#### Task inputs

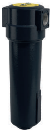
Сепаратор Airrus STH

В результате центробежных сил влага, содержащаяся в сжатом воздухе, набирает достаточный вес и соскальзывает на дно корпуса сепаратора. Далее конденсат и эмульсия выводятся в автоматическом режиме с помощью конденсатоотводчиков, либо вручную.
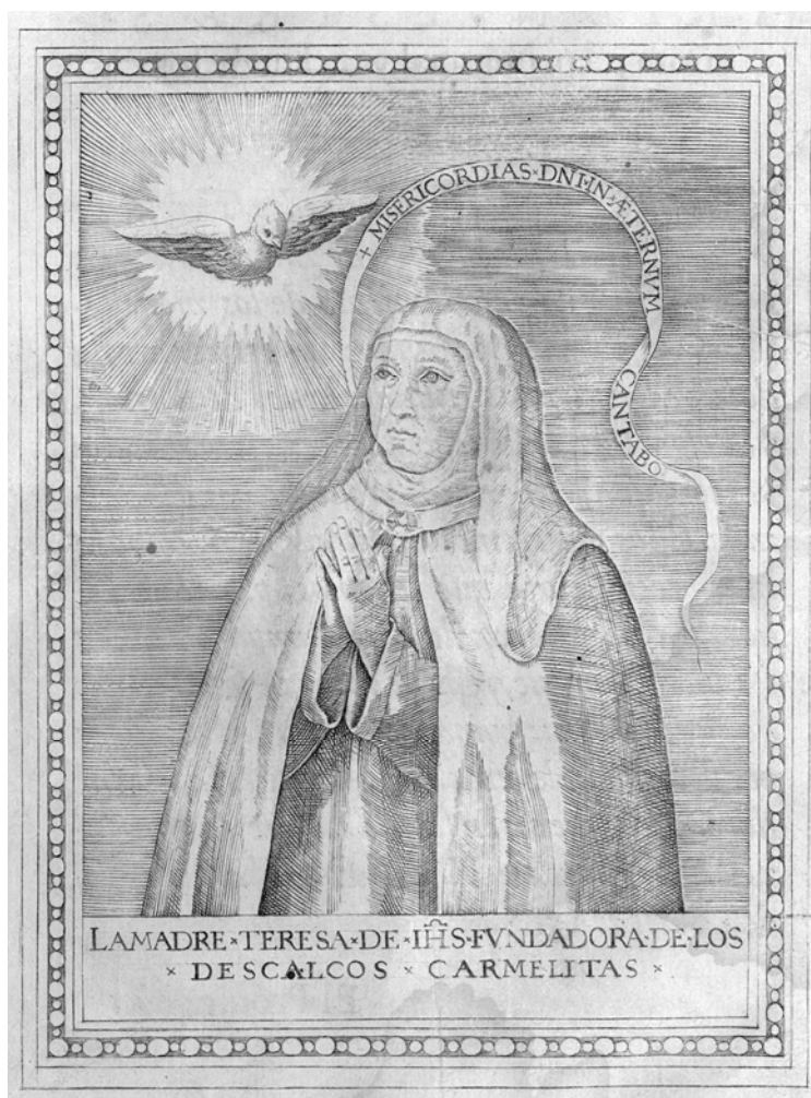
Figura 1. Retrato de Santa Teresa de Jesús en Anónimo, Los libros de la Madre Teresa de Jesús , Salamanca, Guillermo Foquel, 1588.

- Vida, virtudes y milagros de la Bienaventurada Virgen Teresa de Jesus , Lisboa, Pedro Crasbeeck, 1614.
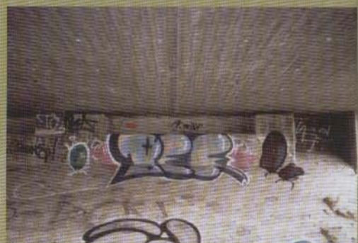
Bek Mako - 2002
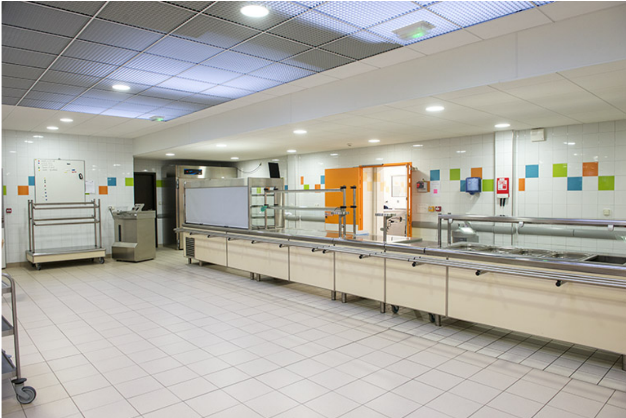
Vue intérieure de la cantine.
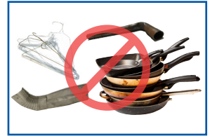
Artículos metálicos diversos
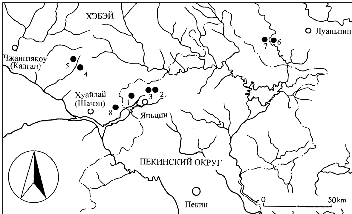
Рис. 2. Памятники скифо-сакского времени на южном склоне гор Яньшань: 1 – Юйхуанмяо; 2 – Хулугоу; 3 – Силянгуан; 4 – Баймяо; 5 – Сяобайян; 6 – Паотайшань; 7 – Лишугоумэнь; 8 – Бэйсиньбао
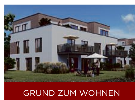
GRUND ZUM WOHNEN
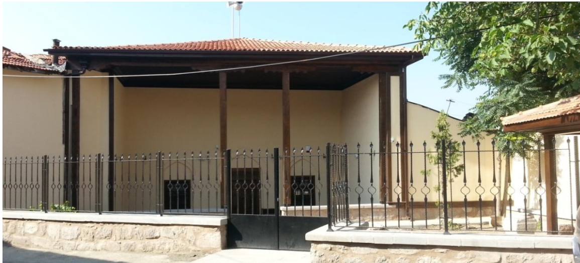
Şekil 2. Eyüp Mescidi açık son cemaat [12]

########

Skip the pictures, then write out every entry exactly.

Сепаратор Airrus STH

В результате центробежных сил влага, содержащаяся в сжатом воздухе, набирает достаточный вес и соскальзывает на дно корпуса сепаратора. Далее конденсат и эмульсия выводятся в автоматическом режиме с помощью конденсатоотводчиков, либо вручную.
Figura 1. Retrato de Santa Teresa de Jesús en Anónimo, Los libros de la Madre Teresa de Jesús , Salamanca, Guillermo Foquel, 1588.

- Vida, virtudes y milagros de la Bienaventurada Virgen Teresa de Jesus , Lisboa, Pedro Crasbeeck, 1614.
Bek Mako - 2002
Vue intérieure de la cantine.
Artículos metálicos diversos
Рис. 2. Памятники скифо-сакского времени на южном склоне гор Яньшань: 1 – Юйхуанмяо; 2 – Хулугоу; 3 – Силянгуан; 4 – Баймяо; 5 – Сяобайян; 6 – Паотайшань; 7 – Лишугоумэнь; 8 – Бэйсиньбао
GRUND ZUM WOHNEN
Şekil 2. Eyüp Mescidi açık son cemaat [12]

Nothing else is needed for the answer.